An article on the Chinese Herbal Experience for AA - Pt 1
I am posting this to the forum as the article was seemingly "lost" within a very long report on ITP which appeared as an appendix in Aplastic Central.
Aplastic Anemia and Thrombocytopenia
....... ( truncated to keep within stipulated length of this forum )...

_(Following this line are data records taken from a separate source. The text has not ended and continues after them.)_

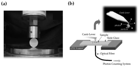 A setup capable of deforming materials can be utilized to measure ML, combined with additional devices to collect the emission of light. A typical apparatus introduced by Xu et al. is shown in Figure 3a [57], where the force (or displacement) can be read from load actuators and the instantaneous ML intensity can be recorded by photomultiplier tubes (PMT), photodiodes, high speed cameras or portable spectrometers. It is also possible to detect ML at the micro-scale (Figure 3b) by attaching a photo-counting system to an atomic force microscope [58]. This method is helpful to gain insights into the relationship between the strain and ML intensity, although the signal is inevitably quite weak. Standardized measurement procedures are needed to compare ML results from different phosphors or setups, for example using calibrated detectors that quantify absolute ML energy [59].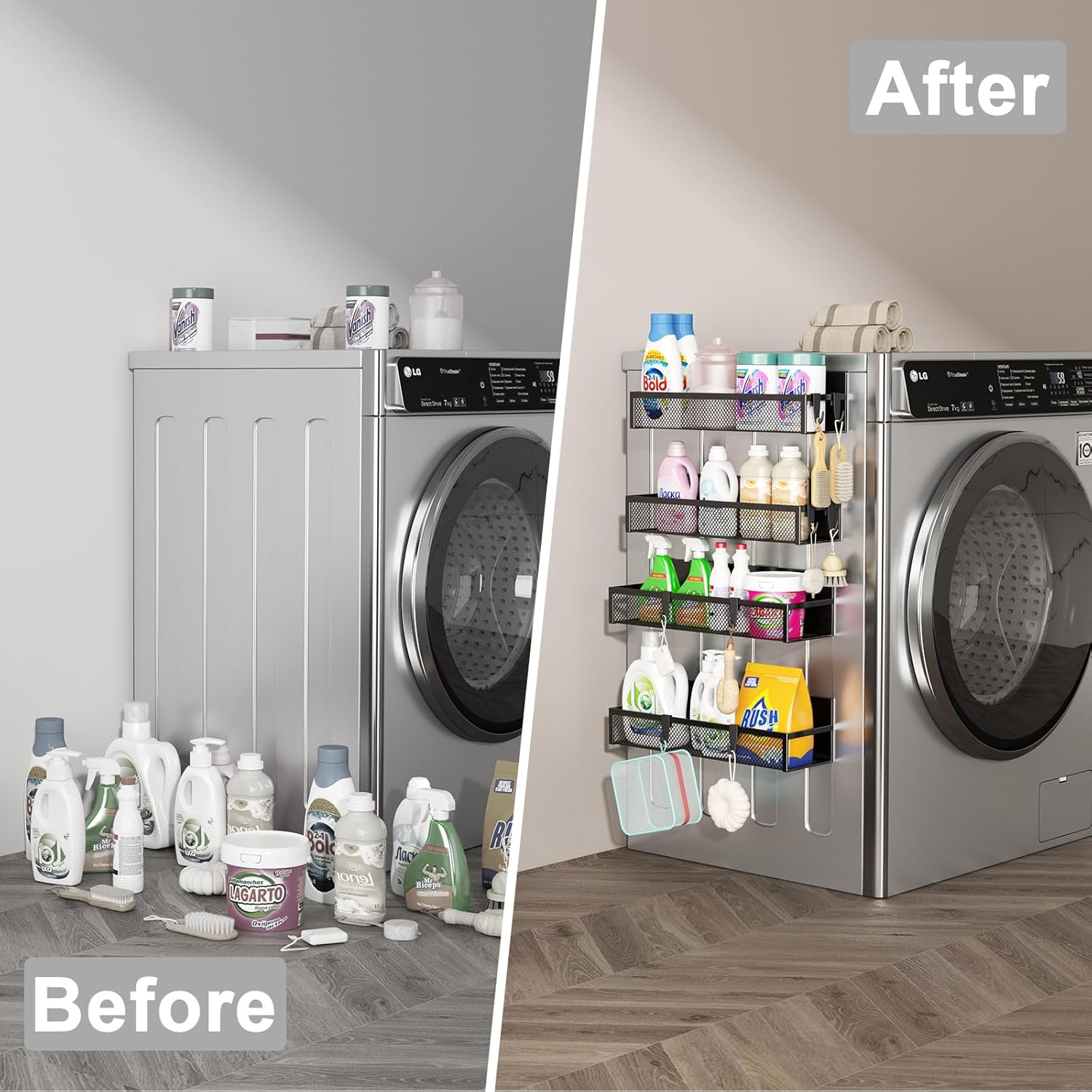 - Multi-Use Magnetic Refrigerator Organizer: Can be used on all magnetic surfaces of your home, kitchen or laundry room, such as the side wall of your refrigerator to hold spices, oils, utensils, towels or other essentials. Our moveable refrigerator shelf can also be used on the side of an oven, microwave, coffee machine, washing machine, classroom, whiteboard or tools wall for storage.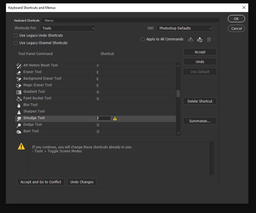 On the newer versions, I can't choose to apply this shortcut to it because it's by default on the Toggle Screen tool, that I'm already using with Tab.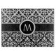 Damasco de hojas y pergamino en un patrón de estilo vintage, con detalles blancos sobre un fondo negro en la parte inferior con el reverso de negro sobre blanco en la parte superior; con banda y letra alrededor/inicial para alterar a la propia para personalizar.

In China, aplastic anemia is frequently treated by herbal therapies. There seems to be little agreement on the best formulations to use, as the number of published formulas that differ markedly from one to the next is large, but most of the prescriptions rely heavily on tonic therapies, as might seem appropriate to this disease characterized by a blood deficiency. From the traditional Chinese perspective, the blood is stored in the liver, and there are a group of “liver blood” tonics that are thought to promote the accumulation of blood; the spleen is the source of blood nutrients, so qi tonics are usually deemed important to producing more blood; and the kidney system, which includes the bone marrow, is the ultimate source of blood and is stimulated by a combination of yang tonics to invigorate its activity and yin nourishing herbs to provide essential substance. It is common for the herbal prescriptions recommended to patients with aplastic anemia to be large, incorporating three or four herbs from each of the tonic categories: qi, blood, yin, and yang.
Anemias are often accompanied by fever, and the traditional description is that the blood deficiency, a type of yin weakness, gives rise to a deficiency heat (the heat is not adequately controlled). Thus, some formulas for treatment of aplastic anemia include heat clearing herbs, with a focus on those that clear heat from the blood. Some anemias are accompanied by reduced production of platelets, a condition that can lead to spontaneous bleeding; therefore, some cases of aplastic anemia are treated with herbs that inhibit bleeding.
It has been proposed that as a focus of treatment, for red blood cell deficiency focus on tonifying qi and blood; for platelet deficiency tonify yin; and for leukocyte deficiency tonify yang. Integrated Chinese and Western medicine is sometimes applied, using androgens, such as testosterone or stanazolol, or stem cell growth factors (i.e., erythropoeiten: EPO).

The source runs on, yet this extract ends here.